What are Decision Trees?

Decision Trees are intuitive ML models that make decisions by asking a series of yes/no questions. Think of it like a flowchart - you start at the top and follow branches until you reach a decision. Random Forests combine many trees to create more powerful, accurate predictions.

💡 The Core Idea

🌳

Single Tree

One flowchart, clear logic, but prone to overfitting

🌲

Random Forest

Many trees voting together, more robust and accurate

🎯

Ensemble Power

Wisdom of crowds - average many predictions for better results

Decision Tree Construction: The CART Algorithm

🌳 How Trees Grow: Recursive Partitioning

The Greedy Algorithm

• Goal: Split data into increasingly pure subsets until stopping criteria met

• Approach: Greedy - choose best split at each node (no backtracking)

• Result: Tree structure where each leaf represents a prediction

function BuildTree(data, depth):

if stopping_condition(data, depth):

return LeafNode(majority_class(data))

best_split = find_best_split(data) // key step!

left_data, right_data = split(data, best_split)

left_subtree = BuildTree(left_data, depth+1)

right_subtree = BuildTree(right_data, depth+1)

return DecisionNode(best_split, left_subtree, right_subtree)

🔍 Finding the Best Split

Step 1: Evaluate All Possible Splits

• For each feature: Try every possible threshold value

- Numerical: Age ≥ 30? Income ≥ $50K? (many thresholds)

- Categorical: City = "NY"? Color ∈ {"Red", "Blue"}?

• Calculate impurity reduction:

ΔImpurity = I(parent) - (N_left/N) I(left) - (N_right/N) I(right)

Where I() is Gini or Entropy, N is number of samples

Step 2: Choose Split with Maximum Gain

• Information Gain: How much does this split reduce uncertainty?

Gain = H(parent) - Σ (N_child/N_total) H(child)

• Pick feature and threshold with highest gain

• Tie-breaking: First encountered or random

Example: Loan Approval Dataset

100 samples: 60 approved, 40 denied

Split 1: Age ≥ 30

Left (Age ≥ 30): 50 approved, 10 denied → Gini = 0.267

Right (Age < 30): 10 approved, 30 denied → Gini = 0.375

Weighted Gini = 0.60 × 0.267 + 0.40 × 0.375 = 0.310

Split 2: Income ≥ $50K

Left (Income ≥ $50K): 55 approved, 15 denied → Gini = 0.347

Right (Income < $50K): 5 approved, 25 denied → Gini = 0.278

Weighted Gini = 0.70 × 0.347 + 0.30 × 0.278 = 0.326

→ Choose Age ≥ 30 (lower impurity = better split!)

🛑 Stopping Criteria

Stop splitting when ANY of these conditions met:

1. Maximum Depth Reached

• depth ≥ max_depth (e.g., 10)
• Prevents overly complex trees
• Typical: 3-10 for good generalization

2. Too Few Samples

• N_node < min_samples_split (e.g., 10)
• Not enough data to split reliably
• Prevents fitting noise

3. Pure Node

• All samples same class (Gini=0)
• Perfect classification achieved
• No benefit from further splitting

4. No Information Gain

• Best split doesn't reduce impurity
• Features exhausted or uninformative
• Can't improve predictions

⏱️ Computational Complexity

Training Complexity

O(n × m × log n)

where n = samples, m = features

• For each feature (m):

- Sort samples by feature value: O(n log n)

- Find best threshold: O(n) linear scan

• Tree depth: O(log n) on average, O(n) worst case

• Total nodes: ~2^depth, each does O(n×m) work

Prediction Complexity

O(depth) = O(log n) average, O(n) worst

Very fast!
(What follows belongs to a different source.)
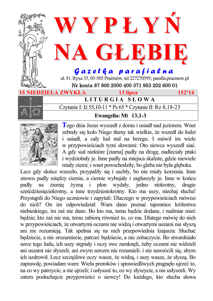 WYPŁYŃ NA GŁĘBIĘ Gazetka parafialna ul. Fr. Ryxa 35, 05-505 Prażmów, tel 227270595; parafia.prazmow.pl Nr konta 87 800 2000 400 371 953 202 600 01 15 NIEDZIELA ZWYKŁA 13 lipca 152’14 LITURGIA SŁOWA Czytanie I: Iż 55,10-11 * Ps 65 * Czytanie II: Rz 8,18-23 Ewangelia: Mt 13,1-3 Tego dnia Jezus wyszedł z domu i usiadł nad jeziorem. Wnet zebrały się koło Niego tłumy tak wielkie, że wszedł do łodzi i usiadł, a cały lud stał na brzegu. I mówił im wiele w przypowieściach tymi słowami: Oto siewca wyszedł siać. A gdy siał niektóre [ziarna] padły na drogę, nadleciały ptaki i wydziobały je. Inne padły na miejsca skaliste, gdzie niewiele miały ziemi; i wnet powschodziły, bo gleba nie była głęboka. Lecz gdy słońce wzeszło, przypaliły się i uschły, bo nie miały korzenia. Inne znowu padły między ciernie, a ciernie wybujały i zagłuszyły je. Inne w końcu padły na ziemię żyzną i plon wydały, jedno stokrotny, drugie sześćdziesięciokrotny, a inne trzydziestokrotny. Kto ma uszy, niechaj słucha! Przystąpili do Niego uczniowie i zapytali: Dlaczego w przypowieściach mówisz do nich? On im odpowiedział: Wam dano poznać tajemnice królestwa niebieskiego, im zaś nie dano. Bo kto ma, temu będzie dodane, i nadmiar mieć będzie; kto zaś nie ma, temu zabiorą również to, co ma. Dlatego mówię do nich w przypowieściach, że otwartymi oczami nie widzą i otwartymi uszami nie słyszą ani nie rozumieją. Tak spełnia się na nich przepowiednia Izajasza: Słuchać będziecie, a nie zrozumiecie, patrzeć będziecie, a nie zobaczycie. Bo stwardniało serce tego ludu, ich uszy stępiały i oczy swe zamknęli, żeby oczami nie widzieli ani uszami nie słyszeli, ani swym sercem nie rozumieli: i nie nawrócili się, abym ich uzdrowił. Lecz szczęśliwe oczy wasze, że widzą, i uszy wasze, że słyszą. Bo zaprawdę, powiadam wam: Wielu proroków i sprawiedliwych pragnęło ujrzeć to, na co wy patrzycie, a nie ujrzeli; i usłyszeć to, co wy słyszycie, a nie usłyszeli. Wy zatem posłuchajcie przypowieści o siewcy! Do każdego, kto słucha słowa o królestwie, a nie rozumie go, przychodzi Zły i porywa to, co zasiane jest w jego sercu. Takiego człowieka oznacza ziarno posiane na drodze. Posiane na miejsce skaliste oznacza tego, kto słucha słowa i natychmiast z radością je przyjmuje; ale nie ma w sobie korzenia, lecz jest niestały. Gdy przyjdzie ucisk lub prześladowanie z powodu słowa, zaraz się załamuje. Posiane między ciernie oznacza tego, kto słucha słowa, lecz troski doczesne i ułuda bogactwa zagłuszają słowo, tak że zostaje bezowocne. Posiane w końcu na ziemię żyzną oznacza tego, kto słucha słowa i rozumie je. On też wydaje plon: jeden stokrotny, drugi sześćdziesięciokrotny, inny trzydziestokrotny. Oto słowo Pańskie. BOŻY ZASIEW Jak każdej niedzieli przychodzimy na Najświętszą Eucharystię, by spotkać się z Boskim Siewcą – naszym Panem i Zbawicielem. Wiemy, że Msza święta składa się z dwóch podstawowych części: liturgii Słowa i liturgii Eucharystycznej. „Wiara rodzi się z tego, co się słyszy” – mówi św. Paweł. Dlatego najpierw chcemy karmić naszą wiarę Słowem Bożym. W tej części centralnym miejscem jest stół Słowa – ambona. Warto uświadomić sobie, że ten zasiew trwa od czasów Pana Jezusa i będzie trwał aż do końca dziejów. Z pokolenia na pokolenie pośród różnych doświadczeń Kościół niestrudzenie sieje ziarno Prawdy i Miłości. Opowiadał kiedyś sługa Boży ks. Kard. Stefan Wyszyński, że we wrześniu 1939 roku – na początku II Wojny Światowej - jako młody kapłan znalazł się w okolicach Dęblina. Spowiadał w okopie żołnierza, który był zdruzgotany i załamany. „Co oni z nami zrobili. Co będzie z Polską” – skarżył się biedny żołnierz. Tymczasem na pobliskim polu chodził rolnik i siał ziarno. Samoloty wroga latały nisko, w pobliżu słychać było wystrzały a siewca wyszedł siać ziarno. Ksiądz Wyszyński podszedł do niego i spytał dlaczego w tak dramatycznych okolicznościach pracuje na roli? „A bo widzi ksiądz, jeśli ziarno zostawię w stodole spalą albo zabiorą. A jeśli wrzucę w ziemię – da Bóg, że wyrośnie, ktoś zbierze, by chleba nie zbrakło”. Ten bohaterski siewca zapadł głęboko w serce Prymasa Tysiąclecia i wielokrotnie w konferencjach do kapłanów – w trudnych czasach komunizmu – przywoływał tę scenę, by ukazywać istotę wierności zadaniom, które Bóg nam zlecił. I tu pojawia się problem wolności. Można postawić pytanie: „Czy wierność obowiązkom jest drogą wolności czy też zniewolenia?”. Wiemy, że najbardziej cenioną wartością w świecie liberalnym (jak sama nazwa wskazuje) jest wolność. Problem leży jednak w zrozumieniu czym jest wolność i jak z niej korzystać. Jeśli ktoś stawia sobie te dwa pytania jest człowiekiem myślącym, reflektującym nad swoim życiem i światem, który go otacza. Na ogół wolność jest dzisiaj pojmowana jako pewien zbiór warunków sprzyjających pełnemu, nieskrępowanemu rozwojowi człowieka, dążącego do samorealizacji. Wolność, którą daje nam Jezus jest zupełnie inna. 2 Pan Jezus kreśli w dzisiejszej Ewangelii przed naszymi oczyma sytuacje ludzi w zetknięciu z Bożym ziarnem, a których los naznaczony jest różnymi przeciwnościami. Droga, skała, ciernie nie stanowią obiektywnego usprawiedliwienia braku owoców. To my często tłumaczymy się zewnętrznymi trudnościami: brakiem czasu, tempem życia, słabym zdrowiem itd. Chrystus mówi o warunkach wewnętrznych przyjęcia Słowa, na które każdy ma wpływ bo łaska nie jest uzależniona od zewnętrznych uwarunkowań. Bardzo wyraźnie ukazuje nam te prawdę Pan Jezus w Kazaniu na Górze, które stanowi swoistą konstytucję Królestwa Bożego. Szczególnie błogosławieństwa wprowadzając nas w zupełnie inny sposób myślenia. Mówi Pan Bóg przez prorok

Just traverse tree from root to leaf

• Balanced tree: log₂(n) comparisons

• Example: 1M samples → ~20 comparisons

📚 Classic Algorithms

ID3 (1986)

• Quinlan's original algorithm

• Uses entropy and information gain

• Categorical features only

• No pruning

C4.5 (1993)

• Successor to ID3

• Handles numerical features

• Gain ratio (normalizes gain)

• Post-pruning with error-based

CART (1984)

• Classification & Regression

• Uses Gini impurity

• Binary splits only

• sklearn implementation

✅ Advantages

• Interpretable (visual flowchart)

• No feature scaling needed

• Handles mixed data types

• Fast prediction (O(log n))

✗ Disadvantages

• Prone to overfitting

• High variance (unstable)

• Greedy (locally optimal)

• Bias toward many-level features

💡 Key Insight

Decision trees are greedy - they choose the best split NOW without considering future splits. This makes them fast but suboptimal!

1. Build Your Decision Tree

🌳 Interactive: Construct a Tree

Tree Depth: 2

Shallow (1)Medium (3)Deep (5)

Root

Age ≥ 30?

Yes

Income ≥ $50K?

Credit ≥ 650?

🌳 How it works: Start at the root, ask a question about a feature, branch left or right based on the answer, repeat until reaching a leaf node (final decision).

Splitting Criteria: Gini vs Entropy

📊 Measuring Impurity: How Mixed Is This Node?

🎯 What Is Impurity?

Core Concept

Impurity measures how mixed the class labels are in a node:

• Pure node (impurity = 0): All samples same class

Example: [100 Yes, 0 No] → Perfect! No mixing

• Mixed node (impurity > 0): Multiple classes present

Example: [50 Yes, 50 No] → Maximum mixing

• Goal: Find splits that maximize purity (minimize impurity)

Why We Need Impurity Measures

• Quantify split quality: Which split reduces uncertainty most?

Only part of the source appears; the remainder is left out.